(ITALY)
International Consortium of Investigative Journalists (ICIJ) [Washington DC]
September 10, 2025
By Isabella Cota
Documents from the Paradise and Pandora Papers leaks showed the “full extent” of the hidden financial schemes set up by Marcial Maciel, a priest found to have molested at least 60 children.
A new documentary series about the powerful Catholic priest behind the Legion of Christ religious order draws on the work of ICIJ and its partners to explore the sect’s scandalous history, including allegations of child sexual abuse and financial malfeasance.
Released on HBO’s streaming service last month, Marcial Maciel: the Wolf of God (Marcial Maciel: el lobo de Dios) is a four-episode series that shows how the late Marcial Maciel Degollado went from being a small-town priest in Mexico to creating an organization so large and influential within the Catholic Church that, at its peak, it amassed a $650 million yearly budget financed by wealthy patrons. The Legion of Christ built schools and universities in North America and Europe that still operate today.
For years, rumours circulated that Maciel was sexually abusing boys, which led reporters in Mexico, Spain, Italy and the U.S. to investigate and uncover wrongdoing at an unexpected scale, including evidence the priest was wed to two different women and had three biological children, two of whom he also sexually abused.

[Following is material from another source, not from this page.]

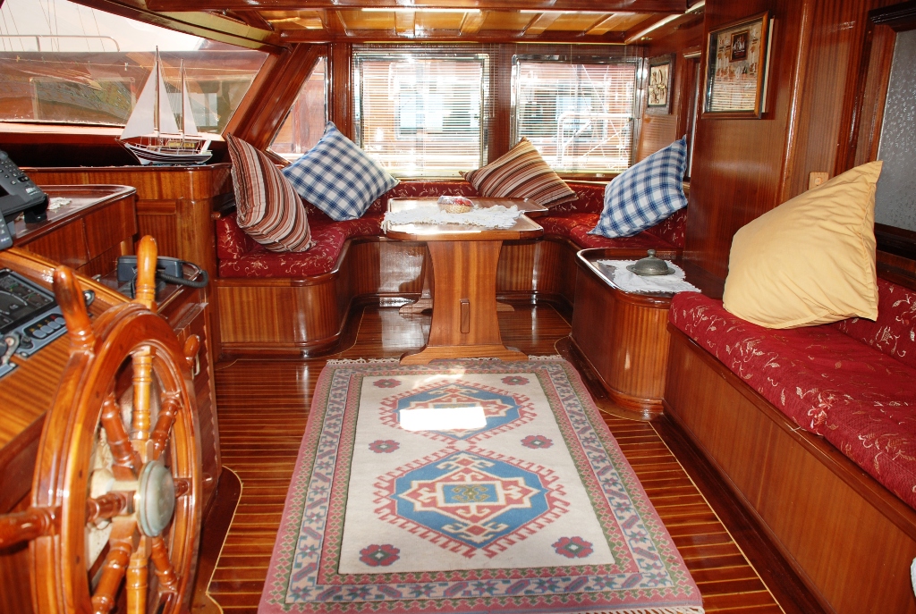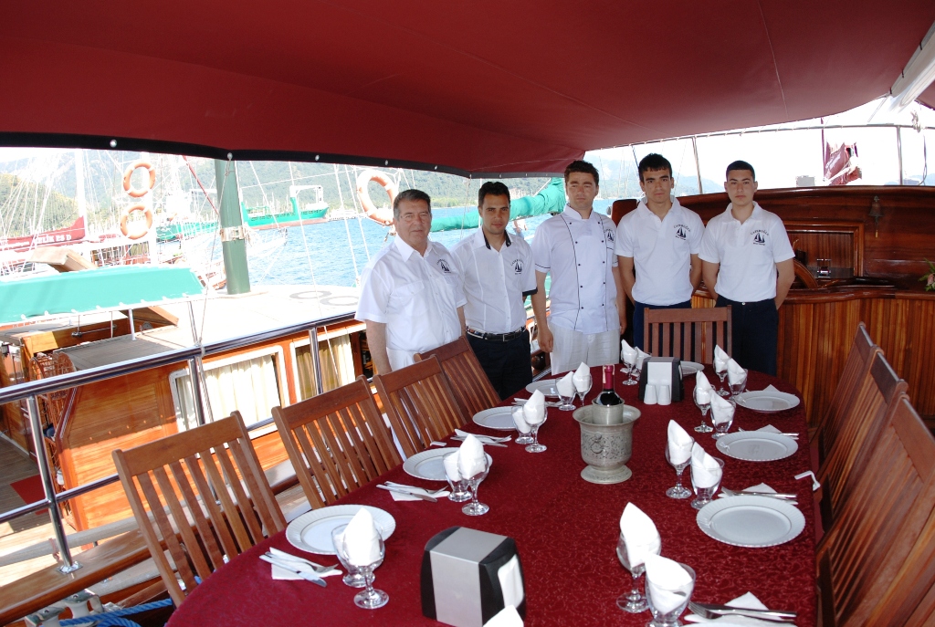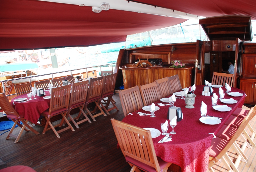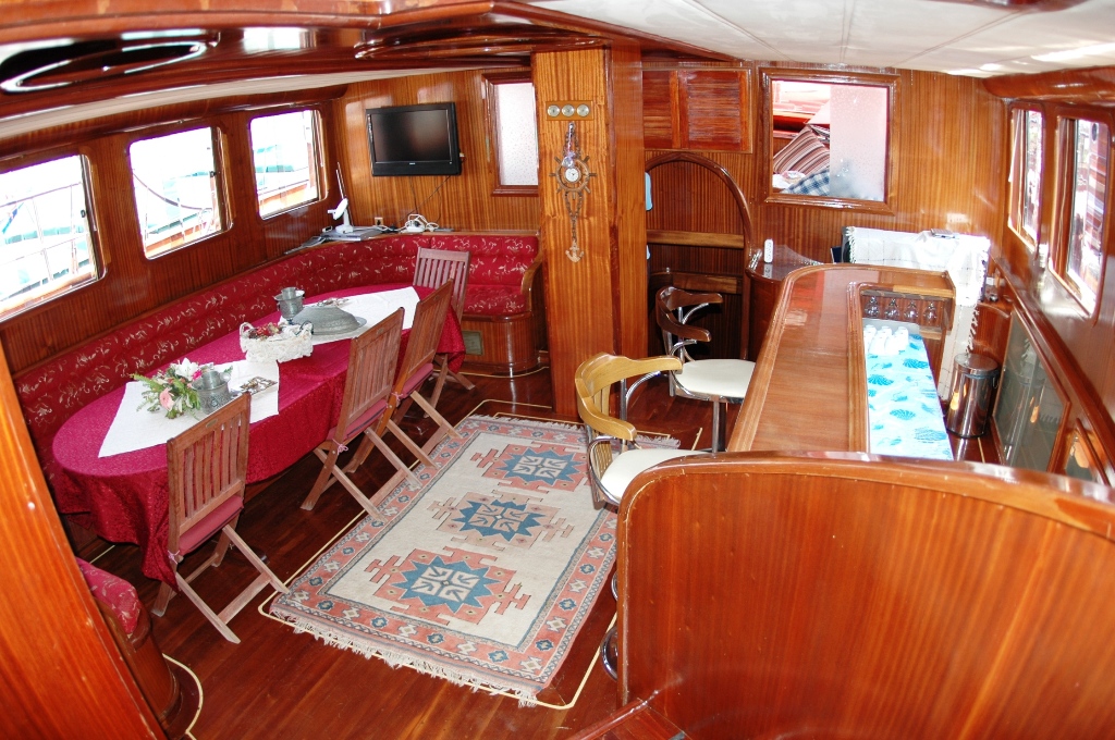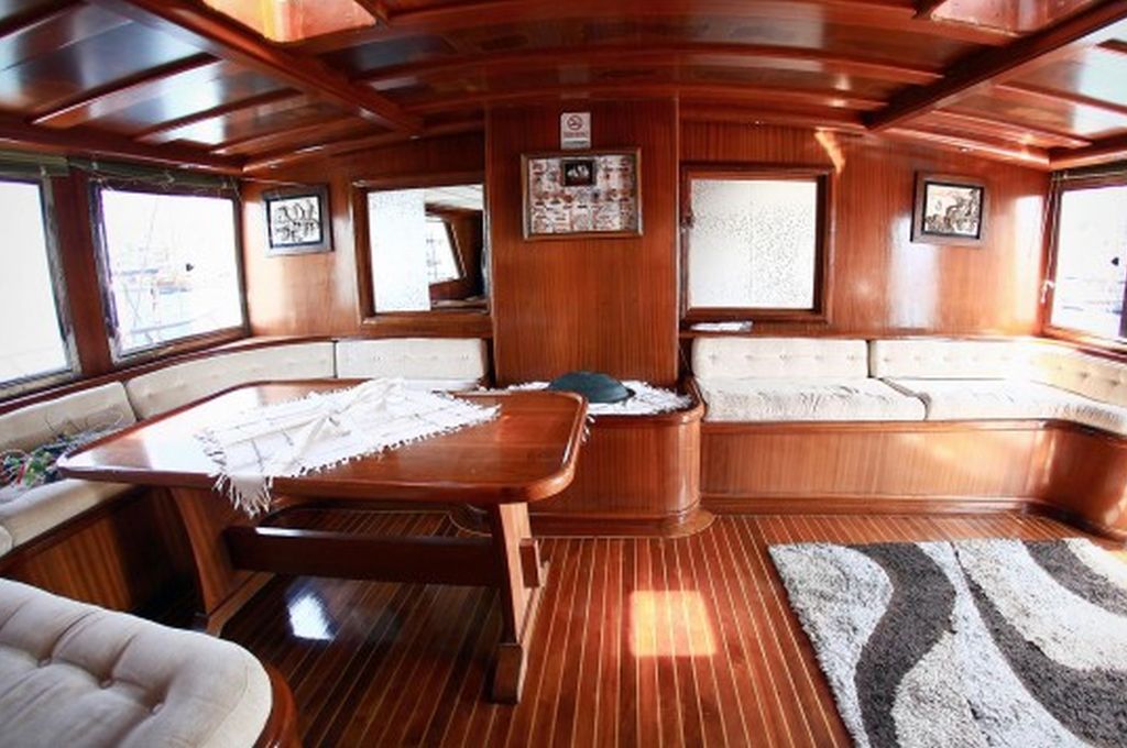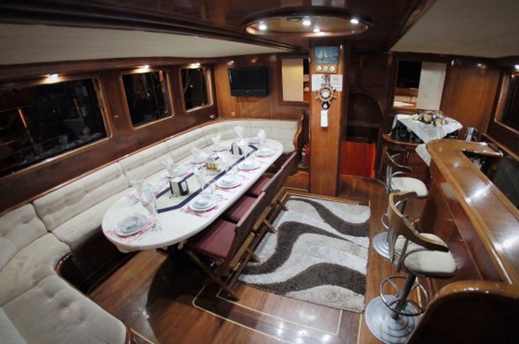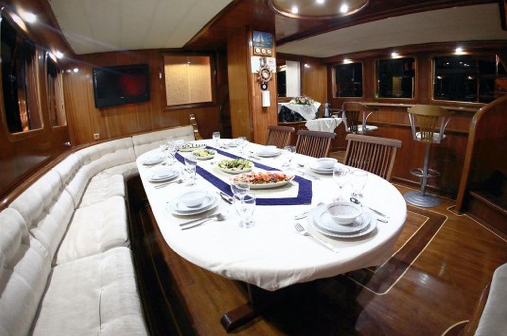 Судно оснащено двумя двигателями Iveco по 550 л.с. и двумя генераторами по 42 кВА, что позволяет развивать скорость 12 узлов и гарантирует комфортное и эффективное путешествие. Caferoglu 7 — отличный вариант для больших групп, которые ищут увлекательный «Голубой круиз» в Турции, благодаря своей вместимости и профессиональной команде.

In 2021, 13 years after Maciel’s death, the Legion of Christ released a report that found about 170 minors were victims of sexual abuse committed by 27 of their priests. Sixty of the minors were victims of Maciel, they reported.
“We realized this character was much more complex than the sexual abuse,” the HBO series director Marías Gueilburt said in an interview with Colombian newspaper El Tiempo. “What we did was put this figure at the center, a man that built an empire, basically, over 50 years. That was a challenge because we had to start with journalists and writers who had studied him from different angles.”

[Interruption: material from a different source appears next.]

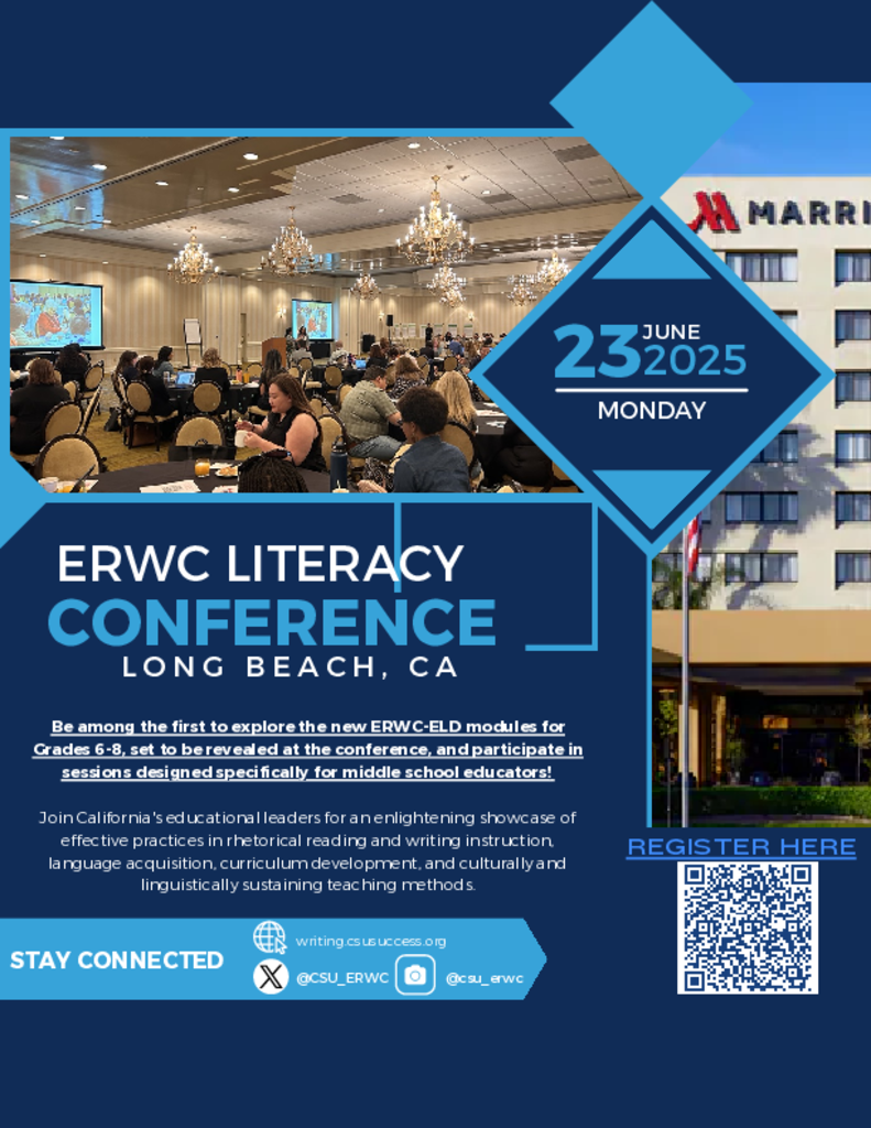 We’re excited to unveil our new ERWC-ELD Middle School Modules designed for grades 6–8 at this year’s ERWC Literacy Conference This link will take you to an external website in a new tab.! These modules are built to support both ELA with Integrated ELD and Designated ELD instruction, with a flexible structure that can also be adapted for ELA-only or ELD-only classrooms. As part of the conference, educators will get an exclusive first look at the modules and explore how they can be implemented in a variety of school settings. Additionally, there will be a strand with 2-3 sessions that focus solely on the middle school.

In 2014, Mexican journalist Raúl Olmos looked into the finances of the Legion of Christ and found that Maciel opened offshore companies in Panama, allowing him to secretly invest part of the Christian organization’s resources in businesses linked to gun manufacturing and pornography.

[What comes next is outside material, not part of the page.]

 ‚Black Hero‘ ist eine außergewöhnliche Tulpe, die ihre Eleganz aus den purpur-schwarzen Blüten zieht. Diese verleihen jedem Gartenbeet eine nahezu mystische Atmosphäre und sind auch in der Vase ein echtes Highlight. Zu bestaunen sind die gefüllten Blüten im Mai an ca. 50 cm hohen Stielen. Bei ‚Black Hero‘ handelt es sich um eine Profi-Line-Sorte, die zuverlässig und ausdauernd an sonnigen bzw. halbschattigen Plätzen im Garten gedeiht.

Three years later, ICIJ’s Paradise Papers investigation confirmed and broadened Olmos’s original reporting. Then in 2021, the Pandora Papers revealed that Maciel’s organization stashed nearly $300 million overseas in the wake of a Vatican investigation into the allegations of sexual abuse. The Legion, as its members refer to the organization, also invested millions with a corporate landlord that evicted struggling U.S. tenants during the coronavirus pandemic.
Interviewed for the documentary, Olmos explained how documents leaked to ICIJ and partners solidified his findings.
“The Paradise Papers and Pandora Papers leaks and investigations revealed the full extent of the complex financial scheme led by Maciel and continued by his inner circle,” Olmos, a reporter at media partner Mexicanos Contra la Corrupción y la Impunidad, told ICIJ.
“Clues and suspicions became certainty after analyzing millions of documents from both leaks. Furthermore, these investigations projected the issue of the financial network spearheaded by Maciel onto a global scale.”
Olmos explained that, while Maciel died in 2008, leaks showed that his successors continued to benefit from the offshore financial structures he set up.
Other ICIJ partner outlets, including Quinto Elemento Lab, Proceso, El País and L’ Espresso also reported on the hidden investments made by Maciel using offshore accounts in Bermuda and the Virgin Islands.
“For me, as a journalist, collaborating with ICIJ brought an opportunity to deepen and consolidate the investigations I had already begun,” Olmos said.